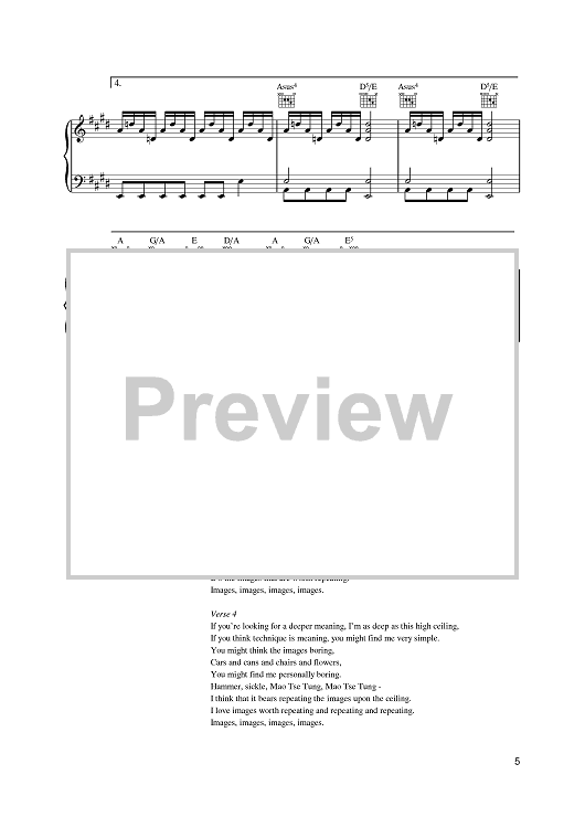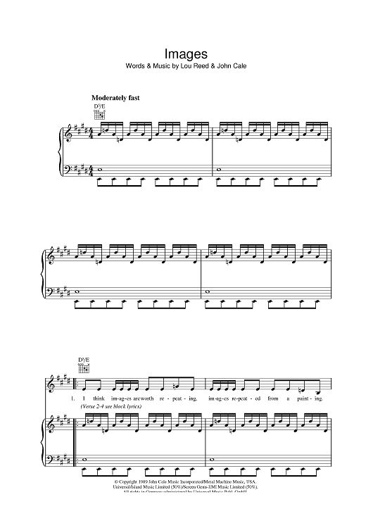 Digital Sheet Music for Images by John Cale, Lou Reed scored for Piano/Vocal/Chords; id:401896
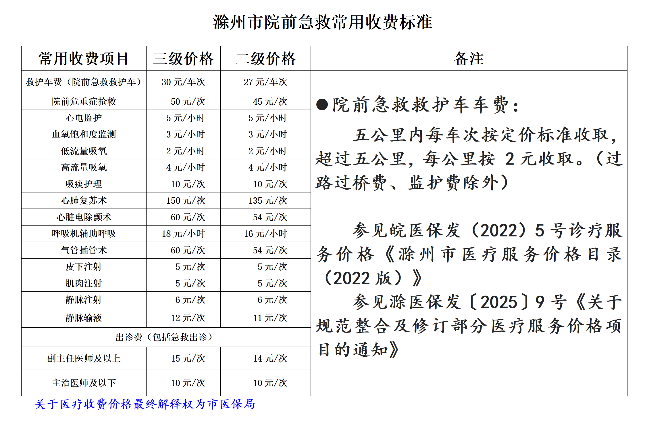 滁州市院前急救常用收費(fèi)標(biāo)準(zhǔn)
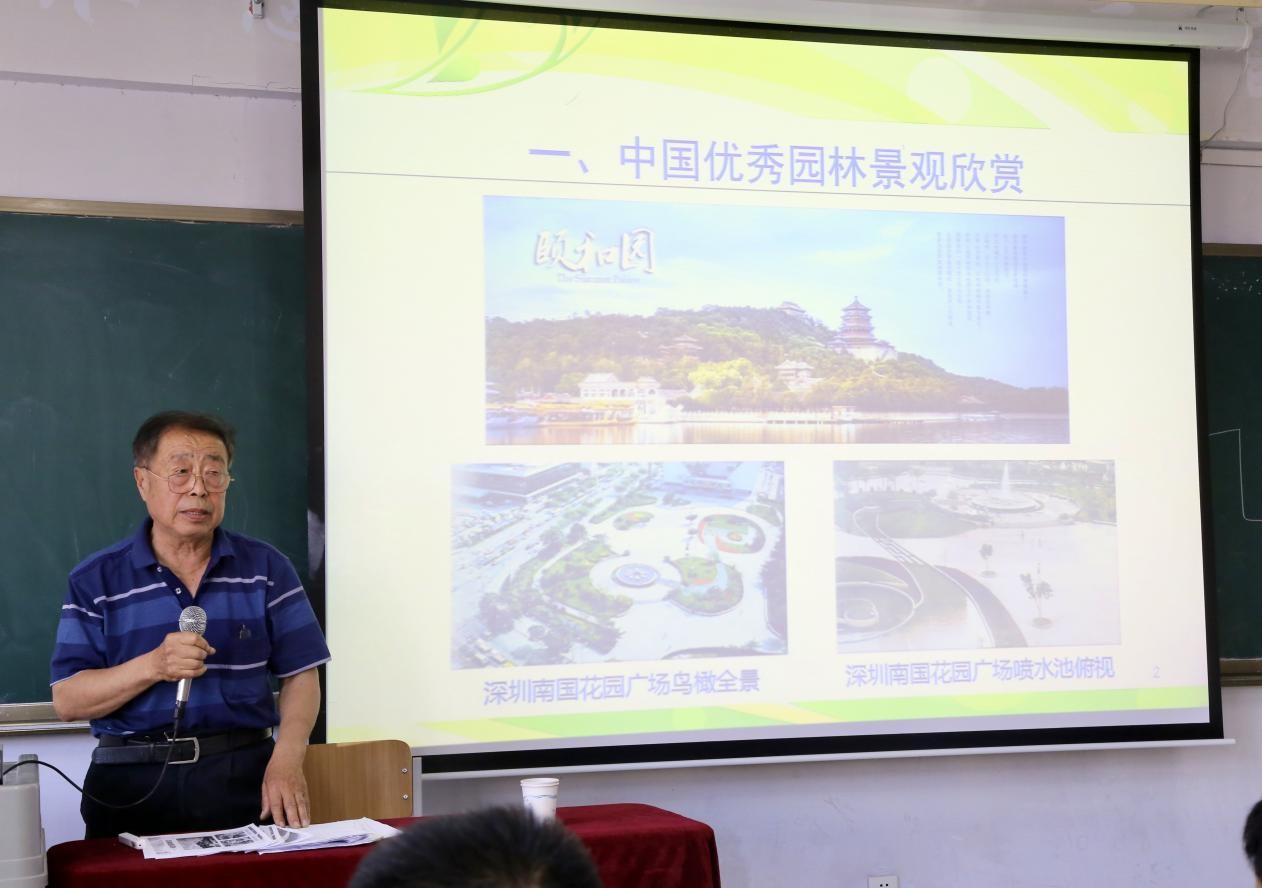 德州市园林绿化行业协会会长、山东绿科园林绿化工程有限公司总经理、高级园林工程师季国志做了《绿化苗木反季节种植技术措施》主题报告,介绍了绿化苗木行业反季节种植存在的问题,原因及应对措施,并分析了目前园林行业人才需求等。随后,原德州市园林处副主任、德州市盐碱土绿化研究所所长、高级园林工程师魏坤峰做了《中国园林发展新趋势》报告,结合个人工作经历介绍了优秀园林景观要素、中国园林发展趋势、大树移植的前沿技术、盐碱地绿化的新经验等,并对应用型人才培养提出指导建议。

__________

◆ **What is needed**
Omit each picture, then return all of the listing exactly as it stands.

◆ **Problem solution**
 Digital Sheet Music for Images by John Cale, Lou Reed scored for Piano/Vocal/Chords; id:401896
 滁州市院前急救常用收費(fèi)標(biāo)準(zhǔn)
 德州市园林绿化行业协会会长、山东绿科园林绿化工程有限公司总经理、高级园林工程师季国志做了《绿化苗木反季节种植技术措施》主题报告,介绍了绿化苗木行业反季节种植存在的问题,原因及应对措施,并分析了目前园林行业人才需求等。随后,原德州市园林处副主任、德州市盐碱土绿化研究所所长、高级园林工程师魏坤峰做了《中国园林发展新趋势》报告,结合个人工作经历介绍了优秀园林景观要素、中国园林发展趋势、大树移植的前沿技术、盐碱地绿化的新经验等,并对应用型人才培养提出指导建议。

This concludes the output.